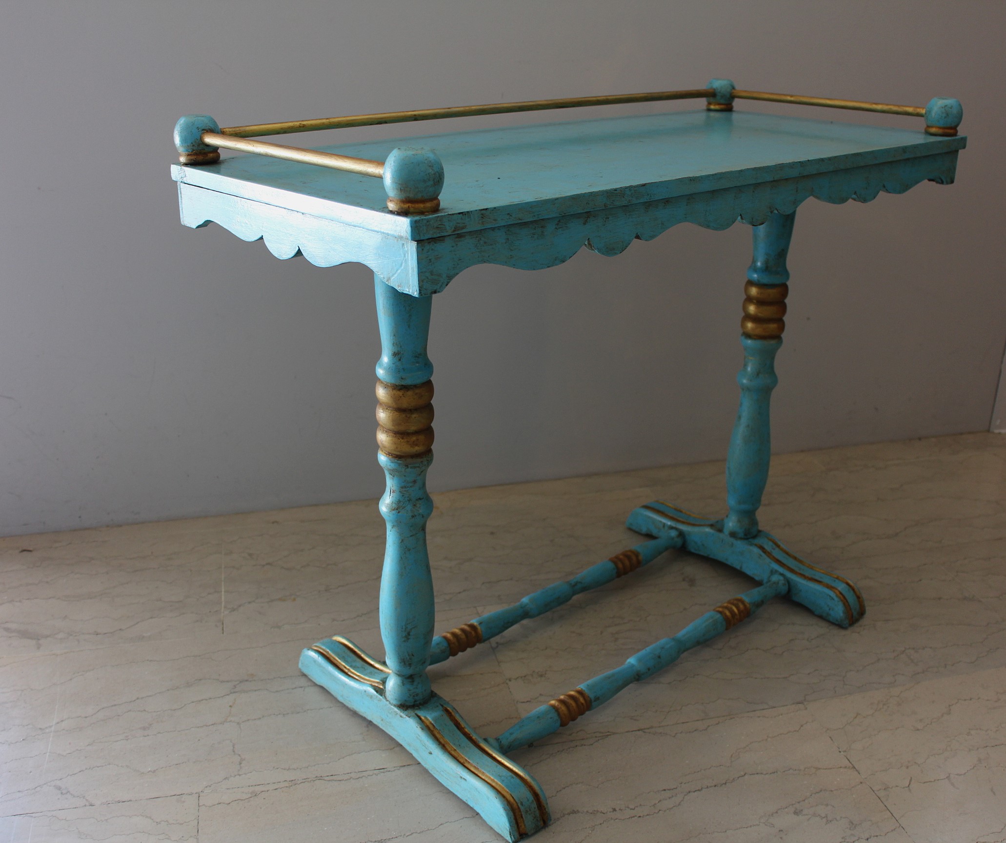 Σετ τραπέζι με 2 καρέκλες σε έντονη γαλάζια πατίνα με χρυσό στις λεπτομέρειες. Το τραπεζάκι έχει μεταλλικό ”κάγκελο” και οι καρέκλες ντυμένες με ανάγλυφο βελούδο, Γαλλία 1920.
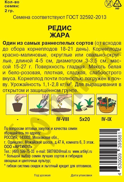 Скороспелый (21–22 дня от всходов до технической спелости) сорт. Корнеплод гладкий, округлый, красно-малиновый, массой 25–30 г. Мякоть белая, плотная, слабоострого вкуса. Вкусовые качества хорошие, содержит много аскорбиновой кислоты. Сорт среднеустойчив к цветушности. Урожайность до 2,3 кг/м2. Посев в грунт производится в конце апреля–начале мая на глубину 1 см по схеме 5–7x15 см, повторно–в июле.
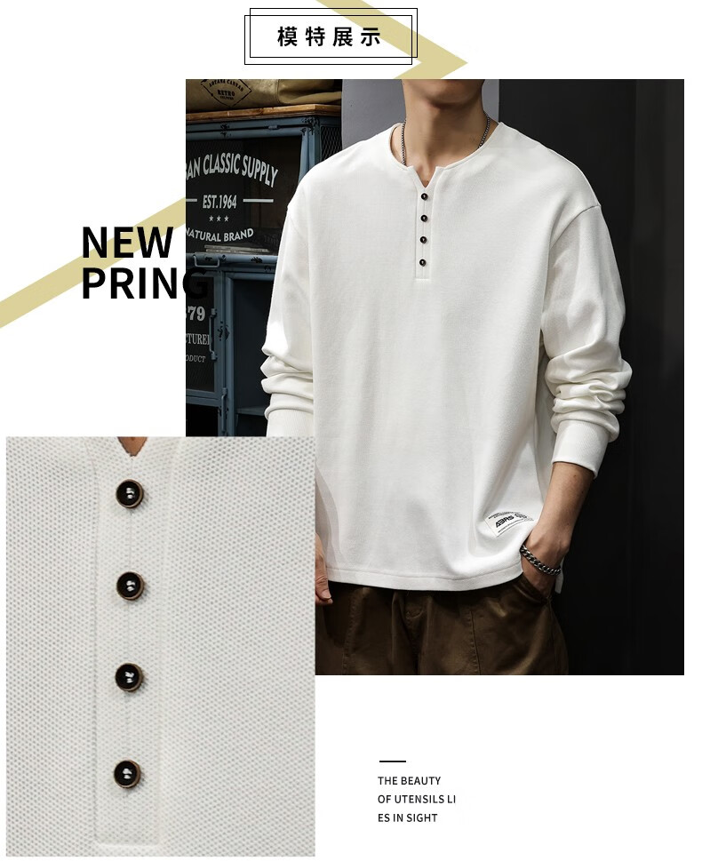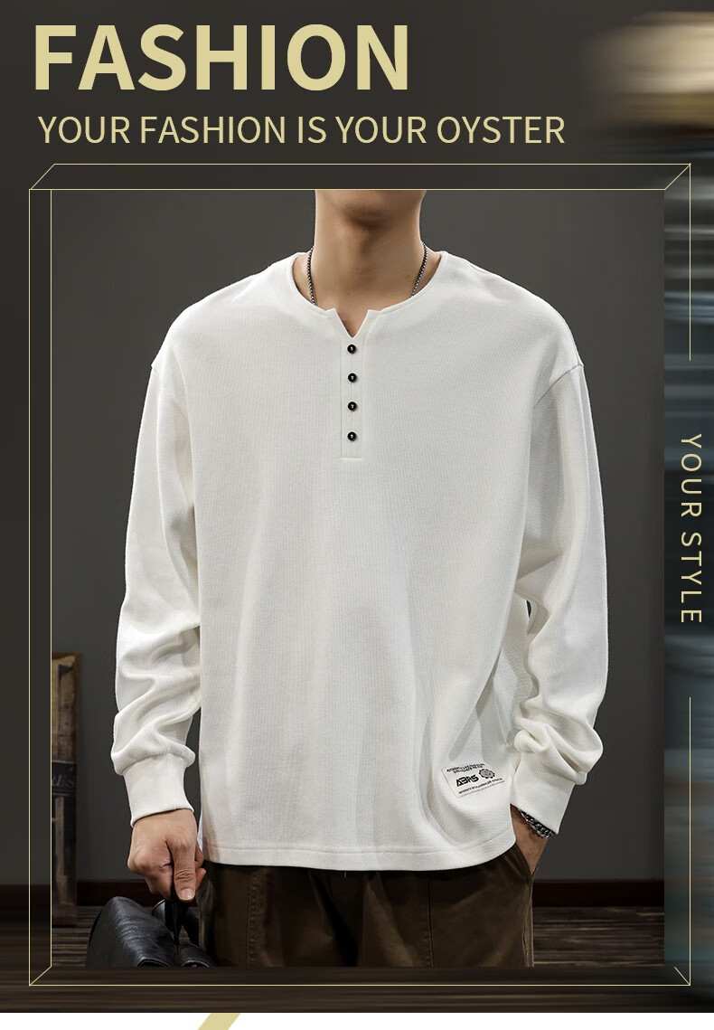 Kuraishi Kazuki trendy brand spring and autumn new Henry collar sweatshirt men's loose and versatile American casual solid color bottoming shirt black M suitable weight 90-130Jin Jin is equal to 0.5 kg
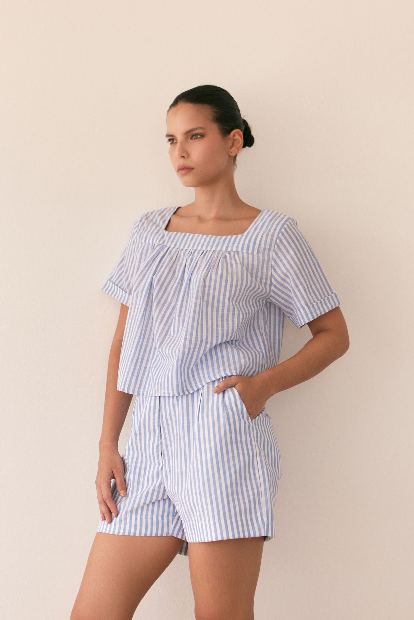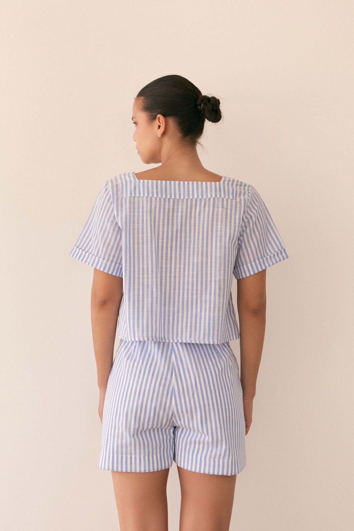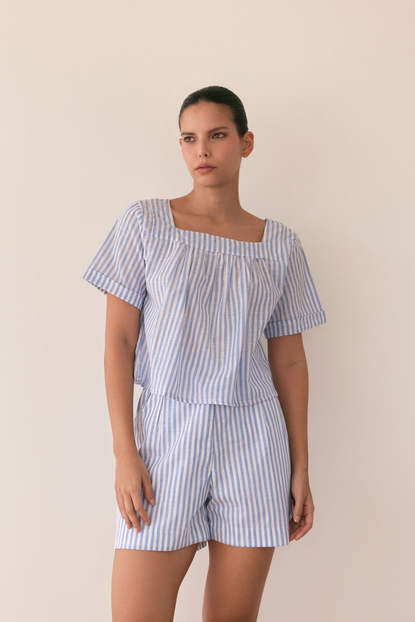 Striped shorts set. High-waisted shorts with an oversized top. This is a comfortable, cool set, perfect for the weekend with sneakers or flats.
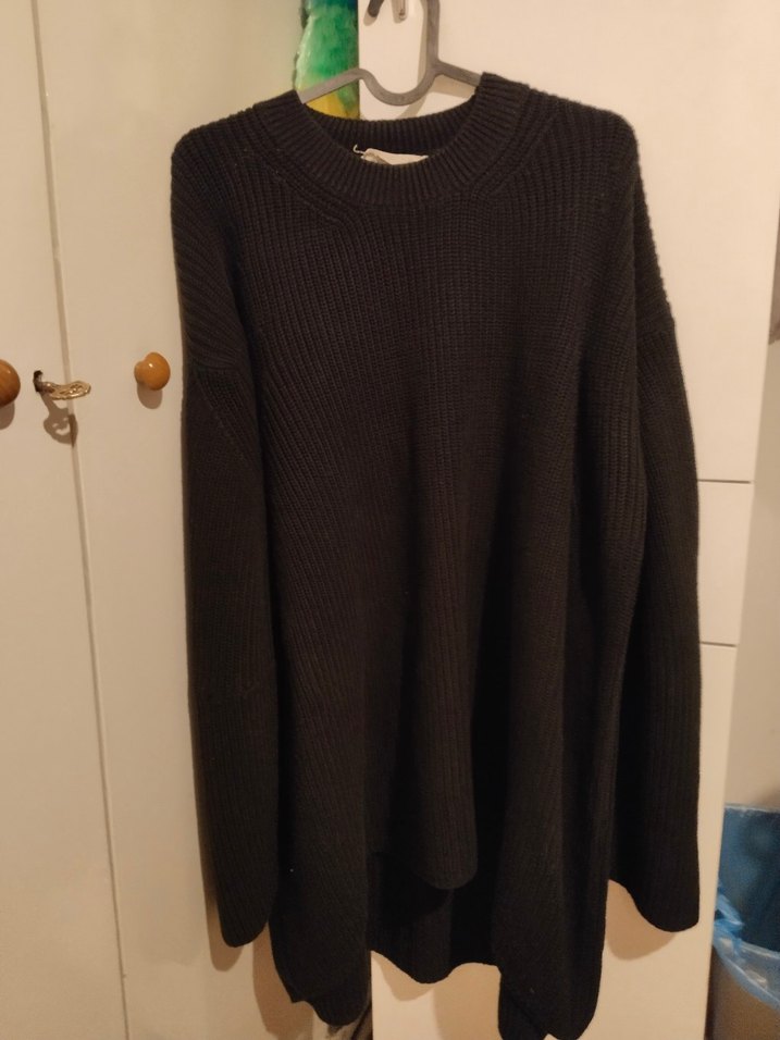 Siyah renk, yün kumaştan örülmüş, uzun kollu, salaş kesim ve yuvarlak yakalı midi uzunlukta kadın kazak. Rahat ve sade tarzda, günlük kullanıma uygundur.
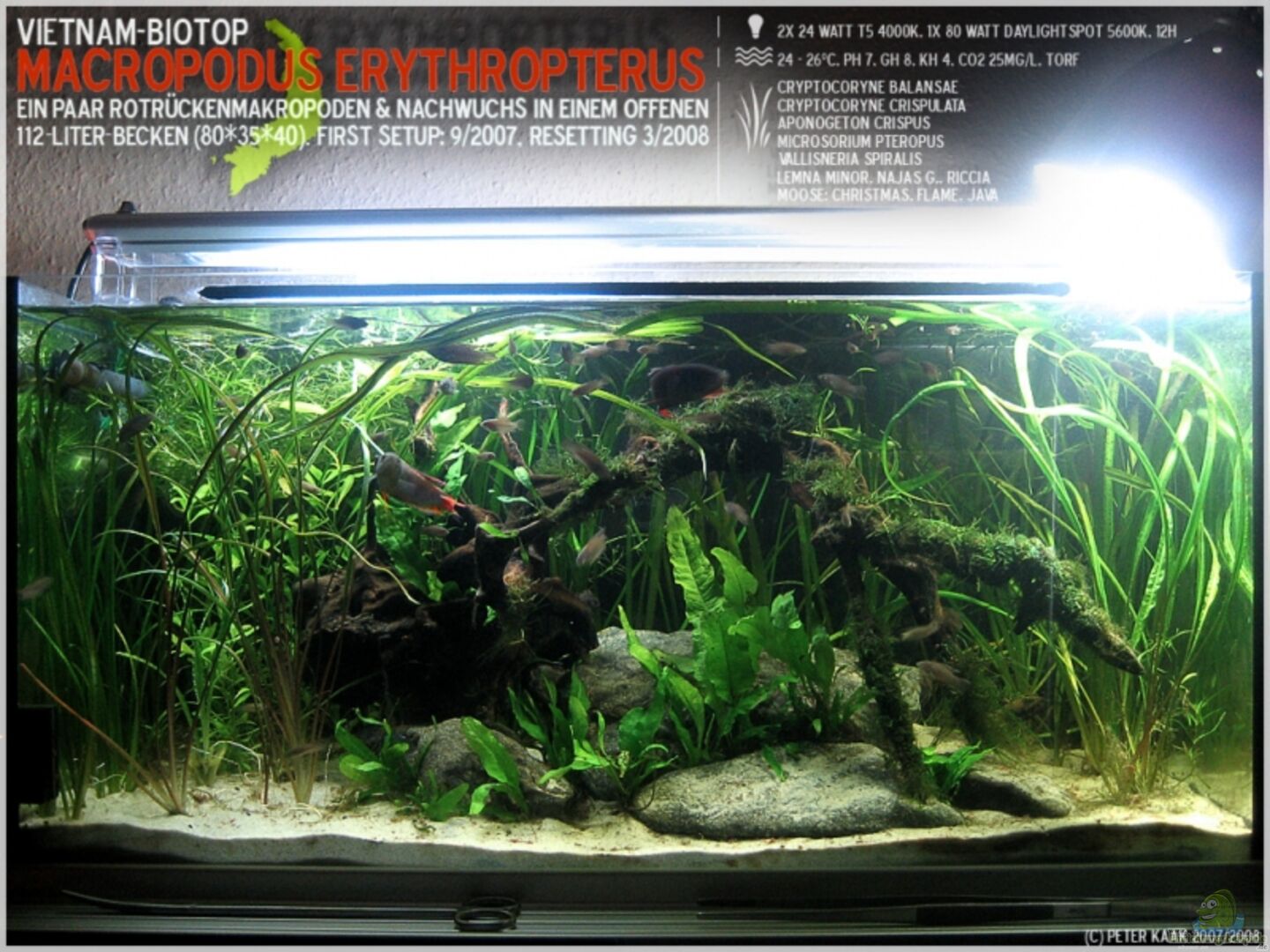 # Vietnam-Biotop / Artenbecken (Macropodus erythropterus) # Offenes Becken mit minimaler Technik # Offene Unterkonstruktion aus Ytongsteinen und wei??em Marmorkies als Deko

# What is expected
What is needed is an exact repeat of the lines from the one containing "Siyah renk, yün" through the last line of the records above, both included, with pictures left out.

# Answer section
 Siyah renk, yün kumaştan örülmüş, uzun kollu, salaş kesim ve yuvarlak yakalı midi uzunlukta kadın kazak. Rahat ve sade tarzda, günlük kullanıma uygundur.
 # Vietnam-Biotop / Artenbecken (Macropodus erythropterus) # Offenes Becken mit minimaler Technik # Offene Unterkonstruktion aus Ytongsteinen und wei??em Marmorkies als Deko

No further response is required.